Copy only what lies from the line containing "export DOCKER_TOKEN='YOUR_DOCKER_PAT' #" through the line containing "Ce marché sera" in the entries below, keeping both end lines exact and dropping every picture.
[Records provided — start]
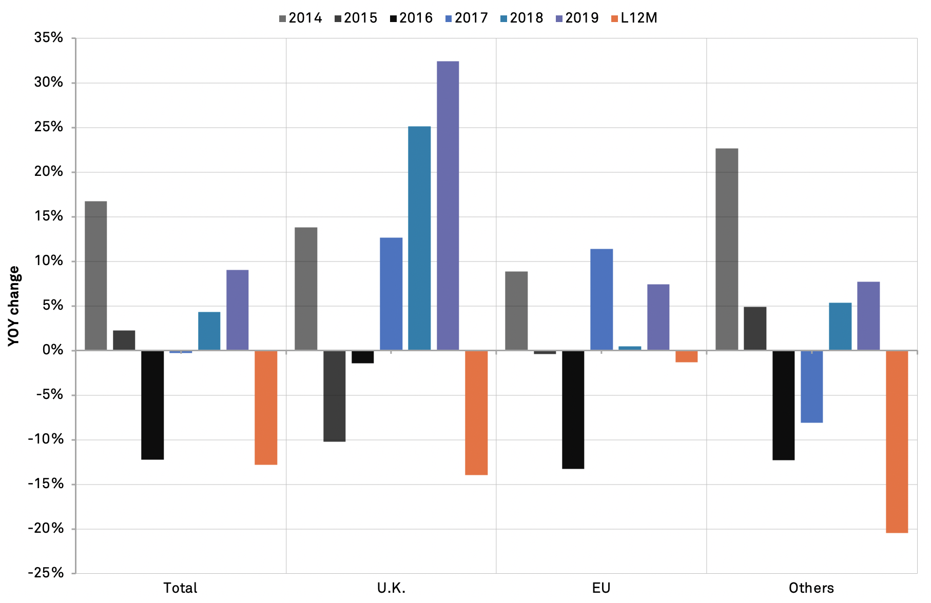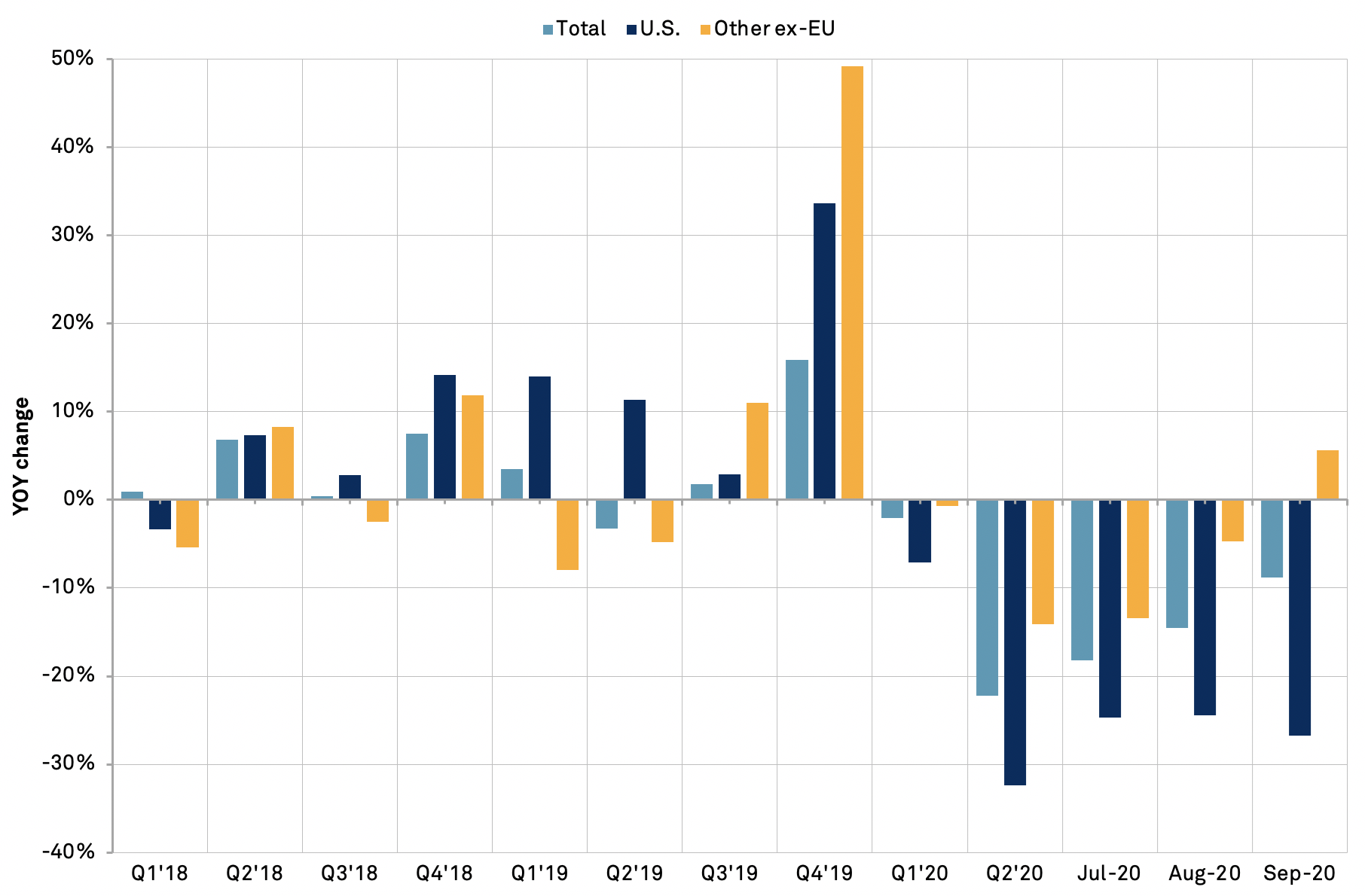 U.K. exports to the U.S. have slowed in Q3’20 having previously led the expansion. In 2019, exports to the U.S. increased by 18.2% year over year, Panjiva’s analysis of official data shows, while total exports increased by just 6.3%. By September 2020 there was a 26.8% slide in exports whereas total U.K. exports dipped by 8.8%.
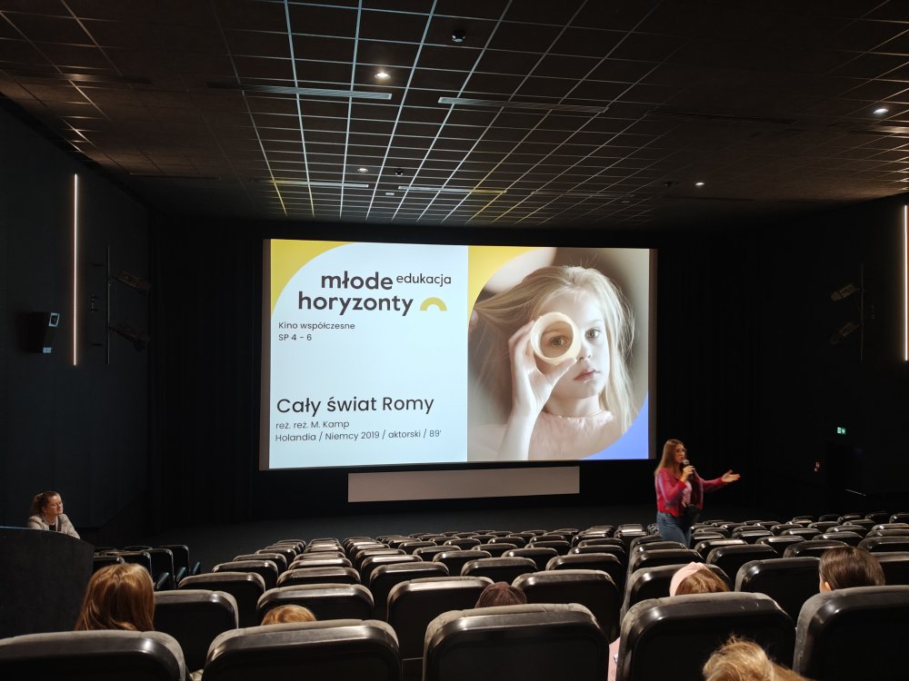 W środę uczniowie klasy 5a rozpoczęli udział w cyklu Kino współczesne organizowanym przez kino Nowe Horyzonty w ramach projektu edukacji filmowej. Podczas pierwszego spotkania obejrzeli film "Cały świat Romy", który w poruszający sposób ukazuje relację między starzejącą się babcią a jej wnuczką.
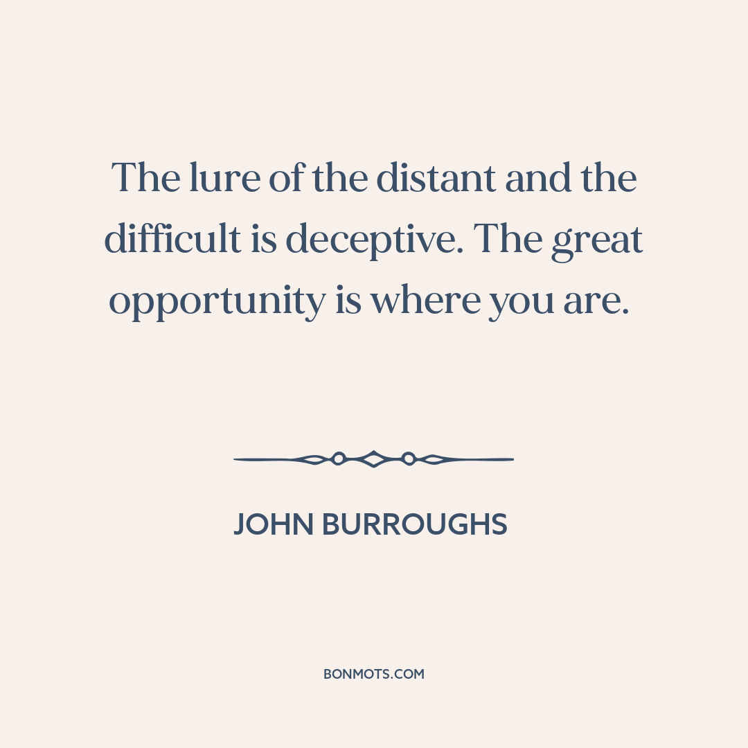 The lure of the distant and the difficult is deceptive. The great opportunity is where you are.
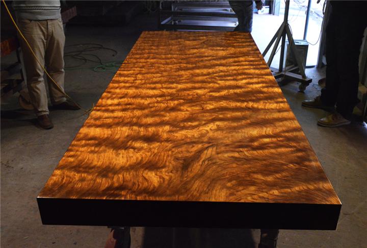 实木大板,是近几年渐趋流行的一种商业和办公家具,它主要由外国进口的较为名贵的百年老木做成。这些木头口径较大,一般少在2000px以上上,从中切出一片10-375px厚的大板,就是实木大板。可用于做办公桌、大班台、主管桌、会议桌以及办公电脑桌等。主要的材质有巴西花梨、非洲楠木、非洲鸡翅木、缅甸金丝柚木、非洲红花梨、非洲黄花梨、非洲奥坎花梨等。实木大板在成型之前的木材是有许多无规则的裂缝、虫洞的,但我们买到的实木大板看不到这些裂缝,这是怎么弄的呢?
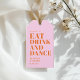 GET READY TO EAT DRINK AND DANCE! Modern soft pink, orange bold font, wedding gift tags with your names and date.
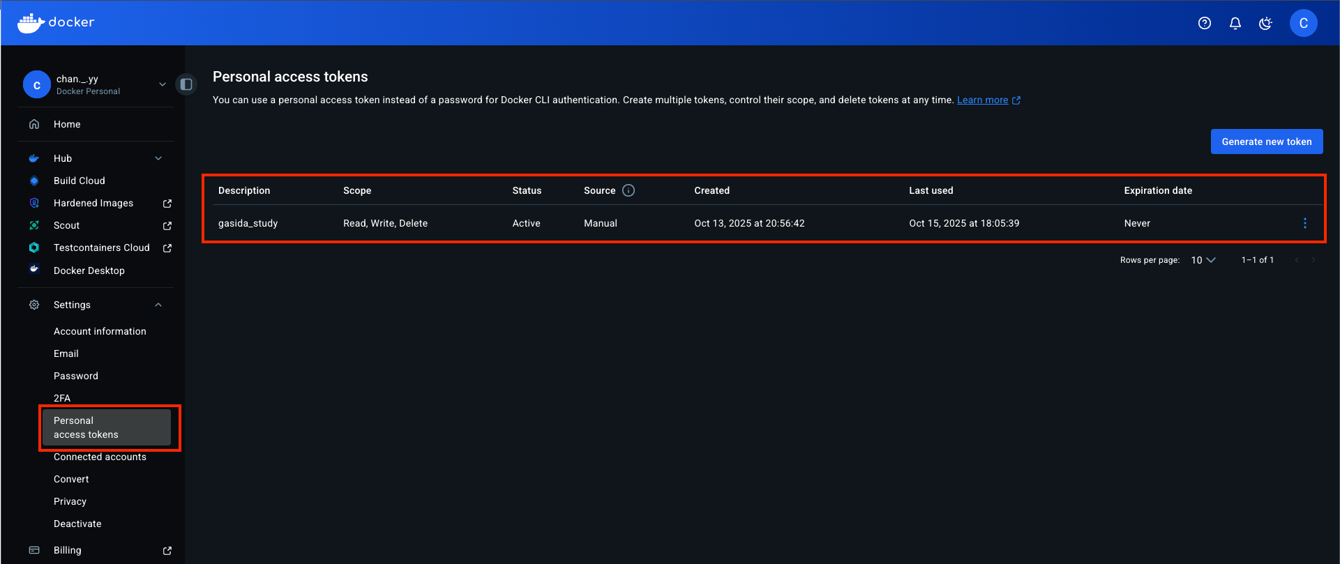 export DOCKER_TOKEN='YOUR_DOCKER_PAT' # 실제 발급 토큰으로 교체
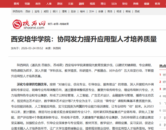 西安培华学院紧跟现代教育发展步伐,以建好关键课程、专业课程、特色课程为抓手,深入开展“学科优化、教学提质、科研提升、产教融合、对外合作”五大攻坚行动,不断提升应用型人才培养质量。
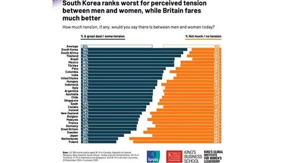 از نظر مقایسه بین کشورها، کوریای جنوبی با ۷۶ درصد بالاترین میزان تنش بین زنان و مردان را در میان ۳۰ کشور مورد مطالعه گزارش کرده است.
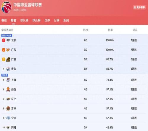 CBA排行榜洗牌:广东豪取7连胜再进前2,辽篮暴跌至第7,青岛黑马
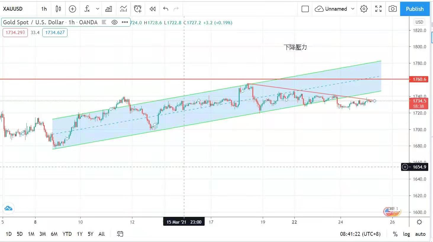 美国财长耶伦及联储局主席鲍威尔对美国经济前景乐观,刺激美元受追捧,金价将继续承压。今日建议波幅在1725-1741之间。
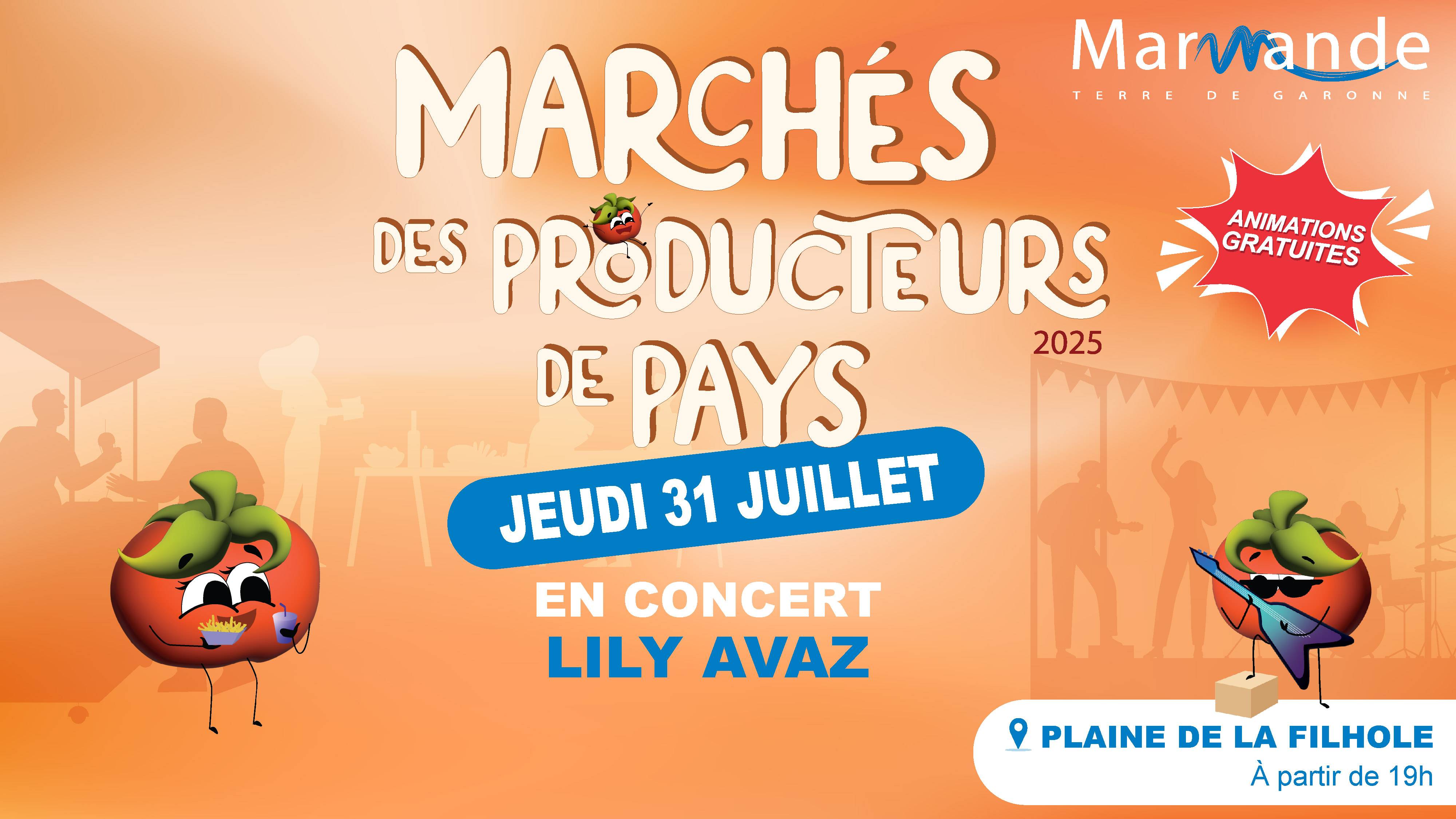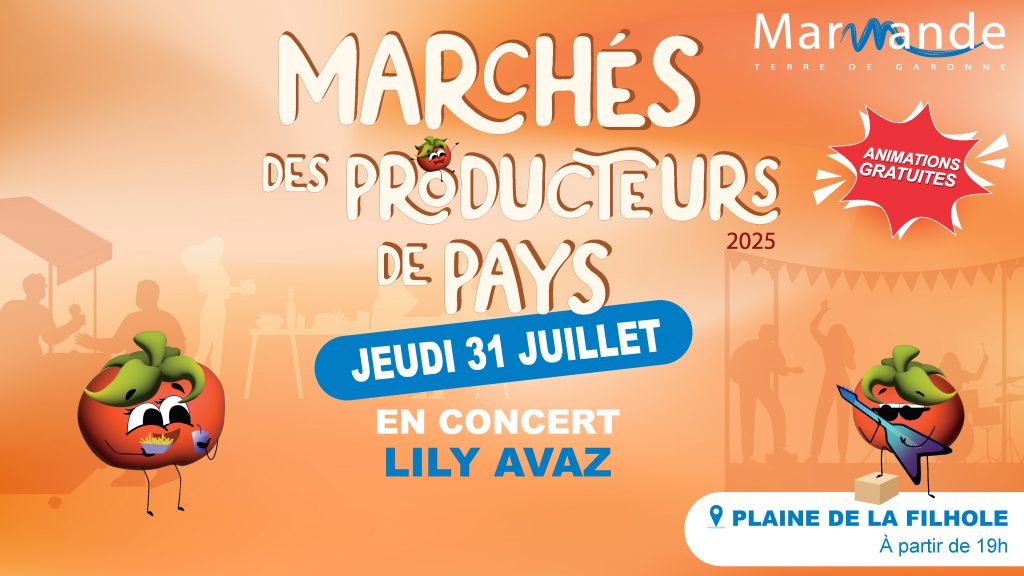 Ce marché sera exceptionnellement délocalisé à la Plaine de la Filhole pour cette date, et animé par Lily Avaz, un groupe de cinq musiciens qui vous invite à danser sur leurs reprises de chansons françaises revisitées aux rythmes latinos, ainsi que sur leurs compositions joyeuses et entraînantes.
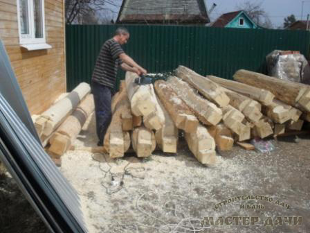 Для коробки стен используется сруб из бруса естественной влажности 150х150 мм либо рубленое бревно диаметром 22-32 см, в зависимости какая баня будет строится. Весь сруб до возведения строгается электро рубанками. Рубка сруба из бревна производится ручным методом в лапу или чашу, из лиственных (осина, липа) или хвойных (сосна, елка) пород дерева. Брусовый сруб возводится используя деревянные нагеля (шканты) для того чтобы после установки сруба брусья не увело и не загнуло. Межвенцовым утеплителем для сруба из бруса и бревна служит льноватин. Все материалы изготавливаются из зимнего леса, для увеличения их качества и долговечности.
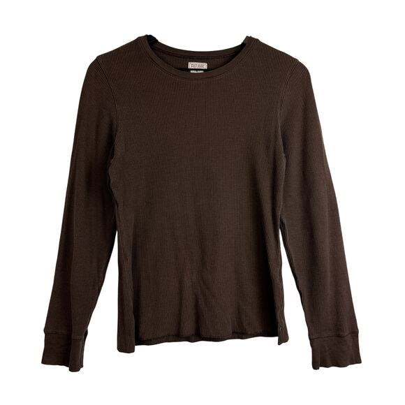 Ralph Lauren Polo Jeans Womens Waffle Knit Thermal Long Sleeve Shirt Brown - M
[Records provided — finish]
▸ **Answer box**:
 export DOCKER_TOKEN='YOUR_DOCKER_PAT' # 실제 발급 토큰으로 교체
 西安培华学院紧跟现代教育发展步伐,以建好关键课程、专业课程、特色课程为抓手,深入开展“学科优化、教学提质、科研提升、产教融合、对外合作”五大攻坚行动,不断提升应用型人才培养质量。
 از نظر مقایسه بین کشورها، کوریای جنوبی با ۷۶ درصد بالاترین میزان تنش بین زنان و مردان را در میان ۳۰ کشور مورد مطالعه گزارش کرده است.
 CBA排行榜洗牌:广东豪取7连胜再进前2,辽篮暴跌至第7,青岛黑马
 美国财长耶伦及联储局主席鲍威尔对美国经济前景乐观,刺激美元受追捧,金价将继续承压。今日建议波幅在1725-1741之间。
 Ce marché sera exceptionnellement délocalisé à la Plaine de la Filhole pour cette date, et animé par Lily Avaz, un groupe de cinq musiciens qui vous invite à danser sur leurs reprises de chansons françaises revisitées aux rythmes latinos, ainsi que sur leurs compositions joyeuses et entraînantes.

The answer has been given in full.